The U.K. is a firm ally of Canada’s and will work alongside you, both inside and outside the WTO, to resolve those disputes with third parties that threaten our mutual prosperity. In the future, the best model to defend that prosperity will be based not on territorial groupings, but on alliances of those nations that are committed to free, fair and open trade. There are thousands of transatlantic projects that make it vital for both our countries to advance this agenda, ranging from such large firms as Rolls Royce, boasting four facilities in Ontario alone, to small companies like Arrugio, a U.K. firm that recently set up its first Toronto office to tap into the city’s expertise in driverless vehicles.
These firms are part of a transatlantic network of high-tech trade and investment that will help to secure jobs and prosperity for the future. To thrive, they will need a strong alliance for free trade between what are the world’s fifth- and tenth-largest economies.

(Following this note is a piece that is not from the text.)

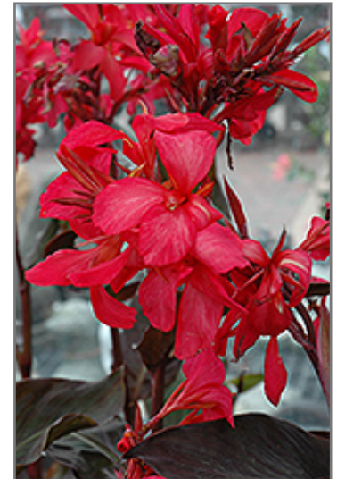
Australia Canna flowers

This plant should only be grown in full sunlight. It requires an evenly moist well-drained soil for optimal growth, but will die in standing water. It is not particular as to soil pH, but grows best in rich soils. It is highly tolerant of urban pollution and will even thrive in inner city environments, and will benefit from being planted in a relatively sheltered location. Consider applying a thick mulch around the root zone in winter to protect it in exposed locations or colder microclimates. This particular variety is an interspecific hybrid. It can be propagated by division; however, as a cultivated variety, be aware that it may be subject to certain restrictions or prohibitions on propagation.

This builds on our bonds of friendship, our shared values as well as the unprecedented co-operation between our two governments, highlighted by the agreement last September between our countries’ prime ministers, Theresa May and Justin Trudeau, for a seamless transition to a new bilateral trading agreement after the U.K. exits the European Union.
For the first time in four decades, the U.K. will be able to pursue an independent trade policy, allowing us to renew and strengthen our relationship with key allies like Canada. This opportunity — and the information revolution that continues to reduce the geographical barriers between us — gives Canada and the U.K. the chance to build a unique partnership, standing shoulder to shoulder in an uncertain world and defending our prosperity against the siren song of protectionism.
With a strong alliance, new technology and bold leadership, Canada and the U.K. can work together as never before to build a better world.